The eCall system is risk-free and has proven to be extremely helpful in reducing the number of severe injuries and fatalities.
So far, so good.
Nevertheless, the problem is that a public agency drives it, and public agencies are almost always slower than private companies.
By the middle of the 1990s, the United States already had the technology to install geolocation systems in automobiles.
The businesses used these advantages as a competitive advantage to sell more cars.
There was not a singular focus on improving driver safety.
General Motors and Ford were the first to implement such a system: General Motors introduced OnStar, which first appeared in the 1996 Lincoln Continental, and Ford introduced the RESCU system, which required the driver to push a button manually.
Both of these systems were available in the 1996 Lincoln Continental. 1997 was the year that BMW started putting such systems into production in Europe.
However, the reception switchboards were not open to the public.
After that, the EU concluded that there should be a public emergency system for automobiles.
And it did so with the most advanced technology available when the project was drafted.
However, eCall would become obsolete relatively quickly due to the rapid pace at which technology was advancing.
Even though it uses digital technology and sends data in bits, the GSM messaging system is still a voice-based platform.
After being converted into tones, the bits are transmitted over a voice channel. Given the current state of our capabilities, this system currently operates at a slightly slower speed.

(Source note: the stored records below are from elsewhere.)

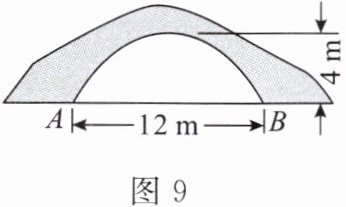 1. 图 9 是一座拱桥的示意图,已知桥洞的拱形是抛物线形,当水面宽 $ AB $ 为 $ 12m $ 时,桥洞顶部离水面 $ 4m $。以水平方向($ AB $ 所在直线)为 $ x $ 轴,建立平面直角坐标系,当选取点 $ A $ 为坐标原点时,抛物线对应的函数表达式是 $ y = -\frac{1}{9}(x - 6)^2 + 4 $。若选取点 $ B $ 为坐标原点,则抛物线对应的函数表达式是(
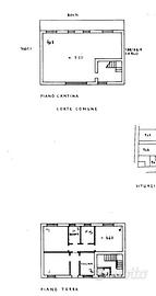 * Piano Terra: ampio trilocale con ingresso indipendente, zona giorno luminosa, due camere e bagno; una scala interna conduce alla cantina di pari metratura, ideale come taverna o locale accessorio.
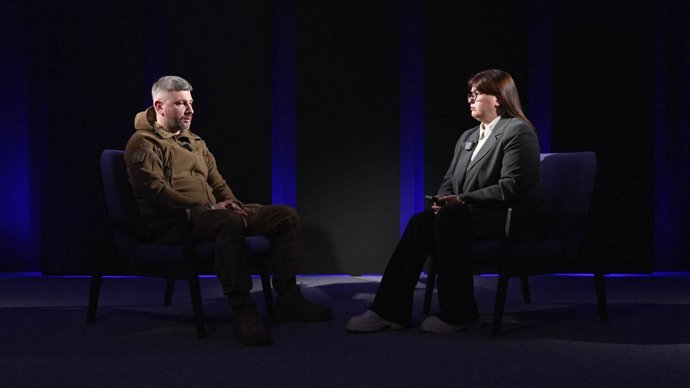 Роман Жовтюк і журналістка Суспільного Дана Савицька під час інтерв’ю. Суспільне Тернопіль
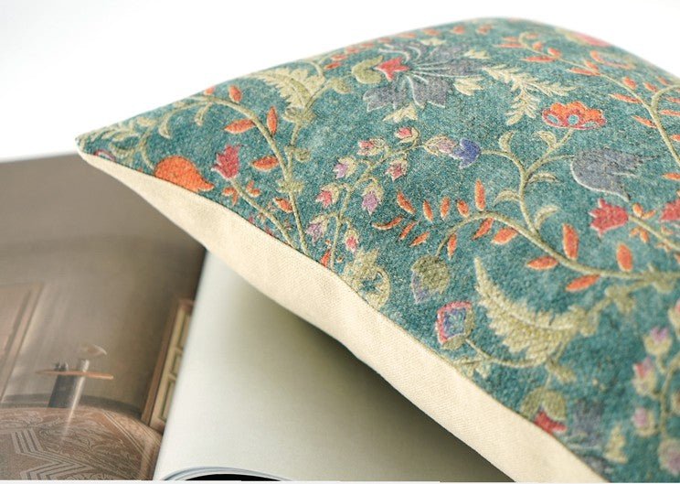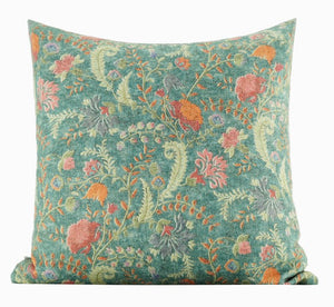 Garden Flowers Pattern Decorative Throw Pillows. Geomeric Contemporary Square Modern Throw Pillows for Couch. Large Green Throw Pillow for Interior Design
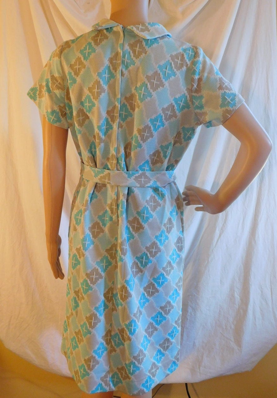 Turquoise Brown Pussy Bow Collar Day Dress Vintage S S Short Sleeve Day Dress Sheath Dress
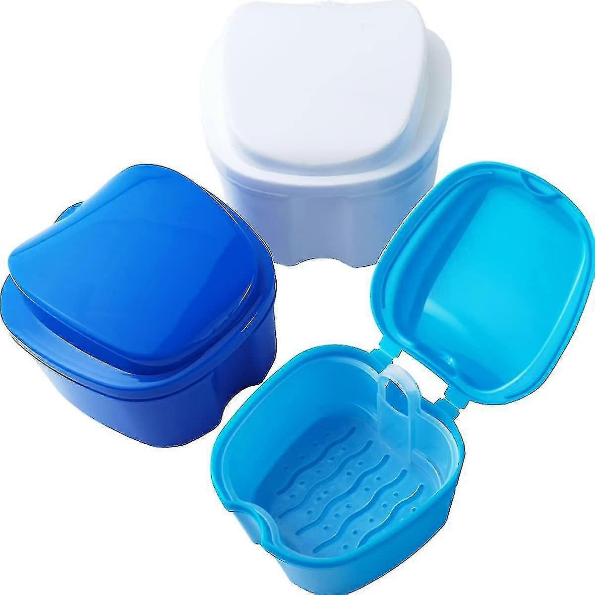 3pcs Denture Case, Denture Cup With Strainer, Denture Bath Box Case False Teeth Storage Box With Basket Net Container Holder For Travel
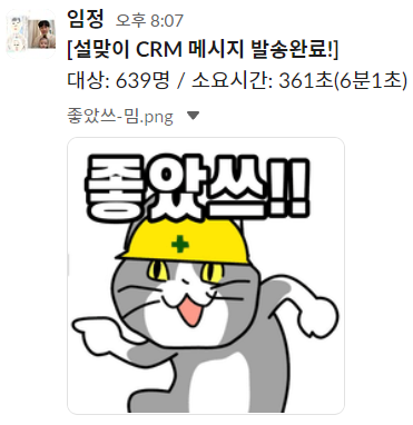 - (메시지 전송) 참여자의 정보를 토대로 총합된 1,2의 정보를 불러와 각자의 지표에 맞춰 슬랙 봇으로 전송하는 과정
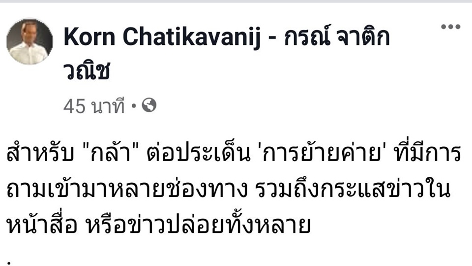 ผู้สื่อข่าวรายงานว่า นายกรณ์ จาติกวณิช ผู้ก่อตั้งพรรคกล้า โพสต์เฟชบุ๊กกรณีมีกระแสข่าวส.ส.จากพรรคอนาคตใหม่ ที่ถูกยุบพรรค จะมาสมัครเป็นสมาชิกพรรคกล้า ว่า สำหรับ “กล้า” ต่อประเด็น ‘การย้ายค่าย’ ที่มีการถามเข้ามาหลายช่องทาง รวมถึงกระแสข่าวในหน้าสื่อ หรือข่าวปล่อยทั้งหลาย
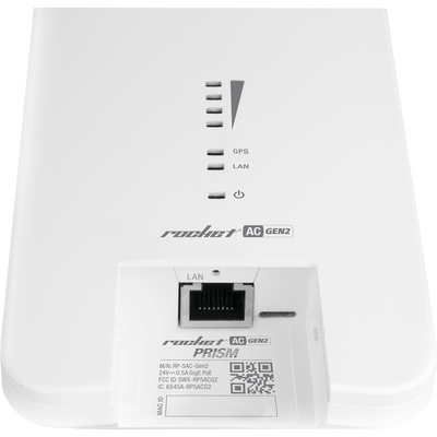 Radio estación base RP-5AC-GEN2 500 mbps 5 ghz 1 puerto 10/100/1000 mbps tecnología airprism resistencia EMI. Cuenta con 1 puerto de datos 10/100/1000 Mbps, 2 conectores RP-SMA para antenas externas, un sistema operativo airOS® 8, alimentación de 24 VDC y temperaturas de operación de -40 a 80° C. Además, ofrece ancho de canal ajustable y configuración rápida mediante Wi-Fi.
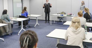 Ihre Tour begann in der Museumswerkstatt, in der für jeden Besucher sichtbar historische Fahrzeuge fachkundig restauriert und repariert werden. Besonders angetan war sie vom babyblauen Modell des Porsche 356. „Wenn ich mich für eines dieser vielen tollen Autos entscheiden müsste, würde ich diesen 356 wählen. Der erinnert mich ein bisschen an ein James-Bond-Auto“, sagte sie mit einem breiten Grinsen. Im Museum stieg sie danach in einen 356 Roadster und wunderte sich über dessen kleines Cockpit: „Ich bin ja wirklich nicht groß, aber hier habe selbst ich Probleme, wieder rauszukommen.“
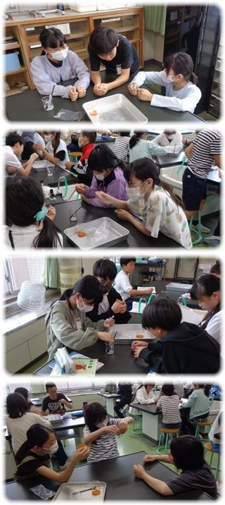 理科でヒトや動物の体について学習している6年生が理科室で実験をしていました。
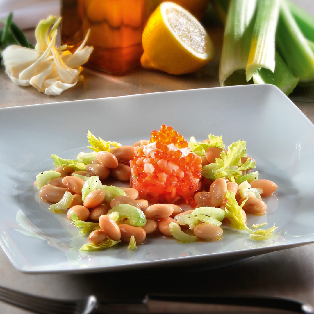 Eine edle Vorspeise ist unser Kaviar-Fischmousse auf Safran-Spargelsalat. Hier vereinen sich aromatischer Lachskaviar, geschmackvoller Spargel und fein-würziger Safran zu einer Gaumenfreude der Extraklasse. Auch unser Kaviar-Räucherlachstatar auf Bohnen-Bleichsellerie-Salat kombiniert unterschiedliche Aromen auf genussvolle Weise. Aromatischer Räucherlachs und delikater Forellenkaviar harmonieren wunderbar mit den milden Aromen des Salats.

The problem, however, is that GSM lines will be phased out shortly because the frequencies they use are required for other systems, such as LTE and 5G. In Russia, they use the ERA-GLONASS system, which, as of 2015, has been using UMTS networks. This means the system is already 3G, one step up from eCall.
Some businesses, including Rohde & Schwarz, one of the referents in radiolocation equipment, are researching and developing a brand-new, significantly enhanced system known as recall.
One advantage is that it uses one of the software modules that conform to the most recent standard for LTE telephony networks.
The LTE IP Multimedia Subsystem (IMS) makes room for the essential functions of eCall and has the potential to offer more options for expanded capabilities.
When it comes to the LTE-based version, tone signals are a thing of the past.
On the other hand, the modern system cannot establish a voice connection, which is necessary for any system that handles emergency calls.
The data will be the same as eCall’s.
Still, other data, such as the vital signs of the vehicle’s occupants, can be sent via smartwatches, and a picture of the situation can be sent via cameras.
The data will be the same as eCall’s. The 112 switchboards could unlock doors and turn the car’s ignition off.
Will this brand-new, more sophisticated technology being utilized by the EU? It is essential to remember that making decisions is always a slow process, even though it would be desirable.
As a result, concluding may take several years, during which time the NGeCall technology may have already become obsolete.
As a result, we will observe if the automobile manufacturers will move forward with the initiative to have a safety advertising bonus.
Let’s keep our fingers crossed that the eCall technology won’t become archaic soon.
Otherwise, automobiles will be without their most effective passive safety system.
If there were 2,500 fewer deaths, then there would be 2,500 people who could go back to being with their families.
Even though the number of fatal accidents may appear clinical and unimportant on television, we still need to work every day to improve our safety systems because every life is essential.
Will it be possible for us to achieve our goal of 0 deaths by the year 2050? Whether we are more pessimistic or optimistic about our chances of success, we must keep working toward our goals.
In addition, an eCall system is a handy tool.